Calculate the pH of a 0.370 M Lithium Fluoride (LiF) solution?

Refer to: https://depts.washington.edu/eooptic/links/acidstrength.html
Ka(HF) = 6.6 × 10⁻⁴
Hence, Kb(F⁻) = Kw / Ka(HF) = (1.0 × 10⁻¹⁴) / (6.6 × 10⁻⁴) = 1.52 × 10⁻¹¹
(Ka value from different sources may be slightly different.)

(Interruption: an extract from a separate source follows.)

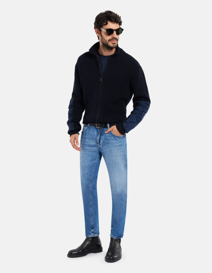 Regular-fit zipped cardigan with long sleeves, high neck and nylon insets on the sleeves. D logo appliqué on the back. Cotton and cashmere. Dondup logo. Made in Italy

Consider the dissociation of F⁻.
                      F⁻(aq) + H₂O(ℓ) ⇌ HF(aq) + OH⁻(aq)      Kb = 1.52 × 10⁻¹¹
Initial (M):       0.370       ---             0             0
Change (M):      -y          ---           +y           +y
Eqm (M):     0.0370 - y    ---            y             y
               ≈ 0.370 (as Kb is very small)

At equilibrium:
Kb = [HF] [OH⁻] / [F⁻]
1.52 × 10⁻¹¹ = y² / 0.370
y = √(0.370 × 1.52 × 10⁻¹¹)
[OH⁻] = y M = 2.37 × 10⁻⁶ M

pH = Kw - pOH = 14.00 + log(2.37 × 10⁻⁶) = 8.37

HF, a weak acid, has a Ka of 6.6 x 10^-4.  So [H+][F-] is 6.6x10^-4.  If we assume that [F-] >> [H+] then plug in 0.37 M for F- and calculate H+.  Convert to pH.